Lecture 2: Importance of Problem Structures

Blog, Online Lectures

(Warning: These materials may be subject to lots of typos and errors. We are grateful if you could spot errors and leave suggestions in the comments, or contact the author at yjhan@stanford.edu.)

This lecture continues the introduction of information-theoretic lower bounds without formally developing tools. The emphasis of this lecture is that, the dependence of the fundamental limits on the problem structure may be very subtle, where the results may change significantly even with tiny changes in the problem setting. Hence, one should be very careful when applying some known lower bounds to similar problems, and it is vital to fully understand the specific problem structure. We will use a specific example of communication complexity in the theoretical computer science literatue to illustrate this phenomenon. 

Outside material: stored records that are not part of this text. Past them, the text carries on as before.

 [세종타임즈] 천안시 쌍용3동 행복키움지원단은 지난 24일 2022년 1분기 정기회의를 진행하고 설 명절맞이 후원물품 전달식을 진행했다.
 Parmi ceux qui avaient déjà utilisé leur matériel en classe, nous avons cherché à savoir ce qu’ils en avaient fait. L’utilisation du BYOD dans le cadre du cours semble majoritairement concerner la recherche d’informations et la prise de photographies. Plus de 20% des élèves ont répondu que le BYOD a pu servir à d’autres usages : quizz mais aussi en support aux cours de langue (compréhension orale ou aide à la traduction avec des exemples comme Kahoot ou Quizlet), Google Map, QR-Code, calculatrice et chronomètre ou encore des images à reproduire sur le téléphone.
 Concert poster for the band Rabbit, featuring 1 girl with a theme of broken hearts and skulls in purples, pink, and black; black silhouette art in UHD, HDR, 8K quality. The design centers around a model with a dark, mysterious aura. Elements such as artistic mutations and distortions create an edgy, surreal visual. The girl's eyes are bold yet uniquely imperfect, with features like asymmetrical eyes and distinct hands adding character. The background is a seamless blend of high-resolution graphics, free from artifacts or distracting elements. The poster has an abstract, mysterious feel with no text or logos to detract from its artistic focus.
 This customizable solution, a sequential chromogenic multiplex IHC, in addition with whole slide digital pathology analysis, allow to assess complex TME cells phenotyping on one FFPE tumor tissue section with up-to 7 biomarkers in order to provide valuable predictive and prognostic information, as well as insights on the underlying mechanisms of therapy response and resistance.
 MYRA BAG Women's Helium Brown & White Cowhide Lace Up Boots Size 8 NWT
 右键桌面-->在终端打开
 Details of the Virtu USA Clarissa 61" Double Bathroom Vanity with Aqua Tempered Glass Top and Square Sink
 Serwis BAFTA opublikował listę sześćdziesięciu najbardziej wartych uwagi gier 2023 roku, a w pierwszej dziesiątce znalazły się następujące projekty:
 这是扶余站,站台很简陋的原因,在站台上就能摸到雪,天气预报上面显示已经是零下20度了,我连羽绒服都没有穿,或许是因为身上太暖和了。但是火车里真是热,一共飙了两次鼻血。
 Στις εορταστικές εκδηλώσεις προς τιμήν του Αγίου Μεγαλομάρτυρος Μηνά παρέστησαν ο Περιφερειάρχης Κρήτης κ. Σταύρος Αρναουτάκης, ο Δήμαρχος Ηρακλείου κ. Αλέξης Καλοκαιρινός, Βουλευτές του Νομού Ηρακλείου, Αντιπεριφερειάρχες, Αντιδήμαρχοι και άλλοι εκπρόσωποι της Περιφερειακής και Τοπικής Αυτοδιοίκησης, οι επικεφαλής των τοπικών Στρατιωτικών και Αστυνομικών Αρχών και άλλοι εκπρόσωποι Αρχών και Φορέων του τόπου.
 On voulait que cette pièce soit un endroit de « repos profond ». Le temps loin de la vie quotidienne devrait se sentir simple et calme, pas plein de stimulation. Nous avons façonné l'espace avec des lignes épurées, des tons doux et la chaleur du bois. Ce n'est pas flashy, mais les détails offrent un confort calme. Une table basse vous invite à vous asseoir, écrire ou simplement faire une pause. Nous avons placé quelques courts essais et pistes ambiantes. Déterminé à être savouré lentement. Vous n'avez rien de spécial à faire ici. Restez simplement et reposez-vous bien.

1. Equality Evaluation: Deterministic Communication Complexity 

Alice and Bob hold vectors {x,y \in \{0,1\}^n} respectively, and they would like to check whether {x=y} or not. However, they live very far from each other, and some limited resources of communication are available. What is the minimum number of communication bits to perform this task reliably, in the sense that they always find the correct answer for any pairs {(x,y)}? In other words, what is the deterministic communication complexity of the distributed computing problem for the equality function {f(x,y)=1(x=y)}

To answer this question, we need to formally define all possible communication protocols. Here we define a general class of blackboard communication protocols. 

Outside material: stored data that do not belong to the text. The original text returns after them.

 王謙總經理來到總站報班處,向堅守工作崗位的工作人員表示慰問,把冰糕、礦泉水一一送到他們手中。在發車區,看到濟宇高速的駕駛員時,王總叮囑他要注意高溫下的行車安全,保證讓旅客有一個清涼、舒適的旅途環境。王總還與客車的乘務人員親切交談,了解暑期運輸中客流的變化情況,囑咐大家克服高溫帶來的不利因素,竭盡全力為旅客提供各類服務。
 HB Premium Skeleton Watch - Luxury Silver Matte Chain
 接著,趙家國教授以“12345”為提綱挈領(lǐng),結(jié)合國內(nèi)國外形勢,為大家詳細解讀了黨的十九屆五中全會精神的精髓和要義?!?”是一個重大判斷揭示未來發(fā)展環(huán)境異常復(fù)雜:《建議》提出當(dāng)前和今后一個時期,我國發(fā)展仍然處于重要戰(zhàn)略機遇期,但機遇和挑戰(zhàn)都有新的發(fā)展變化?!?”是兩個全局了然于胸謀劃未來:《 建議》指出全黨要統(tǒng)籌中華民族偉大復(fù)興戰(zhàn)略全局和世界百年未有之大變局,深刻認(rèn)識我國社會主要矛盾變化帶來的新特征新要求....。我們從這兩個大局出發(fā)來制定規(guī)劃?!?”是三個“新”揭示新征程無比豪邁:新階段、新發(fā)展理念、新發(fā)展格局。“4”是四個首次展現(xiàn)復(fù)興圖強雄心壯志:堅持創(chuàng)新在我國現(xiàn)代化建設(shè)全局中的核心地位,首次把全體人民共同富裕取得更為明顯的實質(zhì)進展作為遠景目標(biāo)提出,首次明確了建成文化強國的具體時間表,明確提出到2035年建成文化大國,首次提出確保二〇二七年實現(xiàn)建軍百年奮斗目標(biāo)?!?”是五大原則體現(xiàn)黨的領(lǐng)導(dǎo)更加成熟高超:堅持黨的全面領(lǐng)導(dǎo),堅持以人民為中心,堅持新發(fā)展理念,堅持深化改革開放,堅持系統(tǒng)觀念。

Definition 1 (Blackboard Communication Protocol) A blackboard communication protocol over domain {X\times Y} with range {Z} is a binary tree where each internal node {v} is labeled by a function {a_v: X\rightarrow \{0,1\}} or by a function {b_v: Y\rightarrow \{0,1\}}, and each leaf is labeled by an element {z\in Z}

The value of the protocol on input {(x,y)} is the label of the leaf reached by starting from the root and walking on the tree using the following rule: at each internal node labeled by {a_v}, walk left if {a_v(x)=0} and right if {a_v(x)=1}; at each internal node labeled by {b_v}, walk left if {b_v(y)=0} and right if {b_v(y)=1}. The cost of the protocol is the height of the tree. 

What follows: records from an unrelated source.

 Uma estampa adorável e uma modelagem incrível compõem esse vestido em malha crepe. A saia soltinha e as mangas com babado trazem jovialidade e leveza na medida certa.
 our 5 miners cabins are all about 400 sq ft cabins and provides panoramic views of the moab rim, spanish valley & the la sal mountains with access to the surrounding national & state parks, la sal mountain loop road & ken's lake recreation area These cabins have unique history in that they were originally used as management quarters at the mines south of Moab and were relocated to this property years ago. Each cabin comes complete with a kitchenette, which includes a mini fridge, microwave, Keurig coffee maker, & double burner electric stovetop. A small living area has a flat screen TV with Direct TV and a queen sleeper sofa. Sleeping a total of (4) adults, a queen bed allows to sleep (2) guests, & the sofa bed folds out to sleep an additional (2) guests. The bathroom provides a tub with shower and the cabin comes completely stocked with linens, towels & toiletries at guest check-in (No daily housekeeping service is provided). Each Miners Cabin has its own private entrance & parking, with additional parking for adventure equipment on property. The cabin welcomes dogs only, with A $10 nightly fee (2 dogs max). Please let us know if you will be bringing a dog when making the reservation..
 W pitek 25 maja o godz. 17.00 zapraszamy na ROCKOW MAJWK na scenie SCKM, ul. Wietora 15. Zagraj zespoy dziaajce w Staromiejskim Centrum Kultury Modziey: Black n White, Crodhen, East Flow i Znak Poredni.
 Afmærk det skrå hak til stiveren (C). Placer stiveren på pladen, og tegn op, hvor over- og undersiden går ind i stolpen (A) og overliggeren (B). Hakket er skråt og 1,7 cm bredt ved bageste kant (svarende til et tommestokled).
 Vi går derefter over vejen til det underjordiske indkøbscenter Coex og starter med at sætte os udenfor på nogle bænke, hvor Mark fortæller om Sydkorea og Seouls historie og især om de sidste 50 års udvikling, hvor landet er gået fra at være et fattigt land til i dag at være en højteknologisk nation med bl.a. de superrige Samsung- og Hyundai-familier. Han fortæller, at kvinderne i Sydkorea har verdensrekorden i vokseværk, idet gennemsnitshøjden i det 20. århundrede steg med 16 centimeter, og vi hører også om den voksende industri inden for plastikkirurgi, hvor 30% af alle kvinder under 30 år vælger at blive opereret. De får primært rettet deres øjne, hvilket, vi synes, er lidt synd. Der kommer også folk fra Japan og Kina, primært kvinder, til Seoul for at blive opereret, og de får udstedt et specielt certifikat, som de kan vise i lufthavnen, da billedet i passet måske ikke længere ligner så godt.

Intuitively speaking, there is a blackboard in front of both Alice and Bob in a blackboard communication protocol on which they can write binary bits, and this process continues sequentially where later bits can depend on the entire history. The formal definition above simply uses a binary tree to keep track of the history, and uses functions {a_v, b_v} to illustrate who will be writing on the blackboard at stage {v}. The communication cost of a given protocol is simply the maximum length of the message written on the blackboard, where the maximum is taken over all possible input pairs {(x,y)\in X\times Y}

Now the question we are asking is: among all blackboard communication protocols which always give the correct evaluation of the equality function, what is the minimum communication cost? This is also known as the deterministic communication complexity, where “deterministic” here means zero-error. 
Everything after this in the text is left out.